Months later, the Game of the Year edition went on sale at Target. I decided to purchase it and give Fallout a try. After all, Bethesda had also given us the Elder Scrolls games, so that should say something good about Fallout. Fallout 3 starts off pretty safe, with you growing up as a child in a vault that has protected you from the ravages of the radiated Wastelands. Escaping the vault was both nerve-wracking and thrilling. And stepping out into an eerily empty town with partially or mostly destroyed houses set a great, lonely tone. It was a relief to finally make it to Megaton, knowing that there actually were survivors out there. I decided to keep up with the ‘Following in His Footsteps’ quest. I wanted to see Liam Neeson *ahem* – dad – again. Unfortunately, since I’m such a Scaredy-Kat, going into the tunnels caused me minor panic attacks (Feral Ghouls, Super Mutants?!!! Limited ammo?!!), and I gave up. You have to admit, some of the creatures are very creepy. (Centaurs!!?)
A month ago, I decided to pick the game back up, and was sucked in. I found Dogmeat, and having a companion by my side made me feel much better about traversing the Wasteland and even… tunnels. Once I had this confidence, I was able to see Fallout for the great game it actually is. There are so many aspects to Fallout, so much to do and see.

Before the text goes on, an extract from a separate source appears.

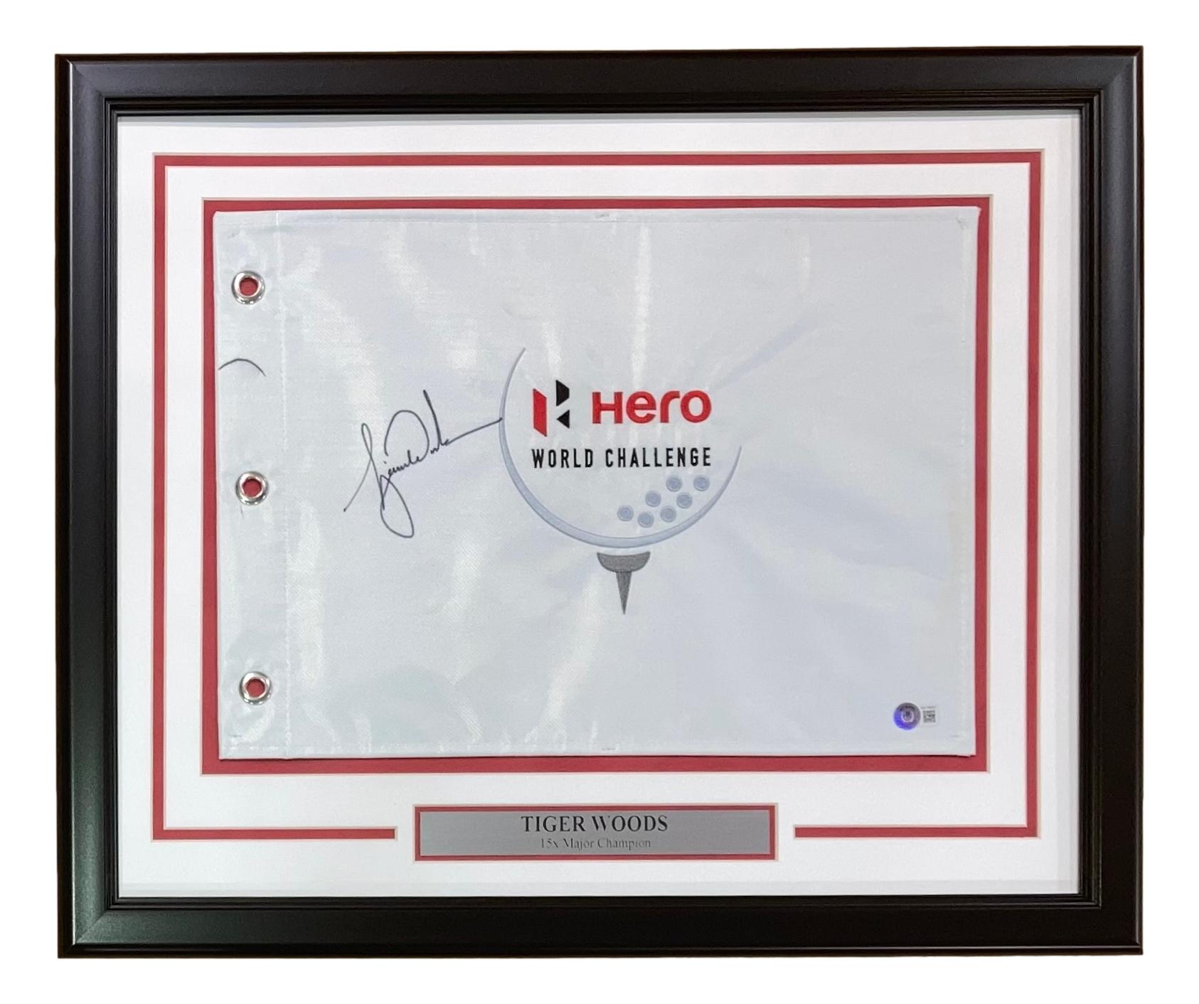 Tiger Woods Signed Hero World Challenge Custom Framed Golf Flag (Beckett)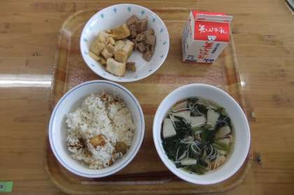 今日の献立は、あげいもごはん・牛乳・なまぶしと厚揚げの煮つけ・すまし汁でした。あげいもごはんは京北献立で、京北でとれたさつまいもをサイコロに切って、油で揚げてごはんに混ぜて二度炊きしていただきました。栗ごはんのように甘みがあって、また昆布だしのうまみもきいていて、おいしかったです。

For one, this certainly is no kids game. There’s the more obvious limb exploding and violent deaths, but there’s also a lot of rough language, sexual aspects, and just plain horrific events. Visiting Minefield and seeing a smaller skeleton than most in a room that contains kids toys is just heart wrenching. The whole deserted mood of Minefield is haunting (no pun intended). Did anyone else pick up through their conversations that Jericho raped/attempted to rape Jenny Stahl? And of course, there are the perks: Lady Killer, Black Widow. There are actual sex benefits to choosing this perk (at least for a woman as a Black Widow), and one being a threesome, in fact. Nova is there for more than just viewing pleasure.
Another is that this game, the whole Fallout series, presents a unique idea that hasn’t been explored as much as a genre like fantasy has. And they do it damn well. The vistas, while fascinating as a torn apart and gritty world, don’t exactly make me want to live in such a world. But they speak strongly for what the game is portraying. The mood created in the game is often lonely, always eerie, and deserted. Most of what you encounter in the Wasteland is going to try to kill you. Finding a town might be a safe harbor, but you can’t rely on that. In fact, a lot of the towns will have something nasty lurking inside; Raiders, mines, fire ants, super mutants. But in a world like Fallout, that fits perfectly. It’s to be expected.
The story of Fallout is great because, while there is plenty of tension waiting around every corner, and you never know what you’ll encounter next, but there’s hope in this dark world. There’s hope that life will continue, despite all the hardships, and that what’s been destroyed can be rebuilt. And that’s really what keeps me playing.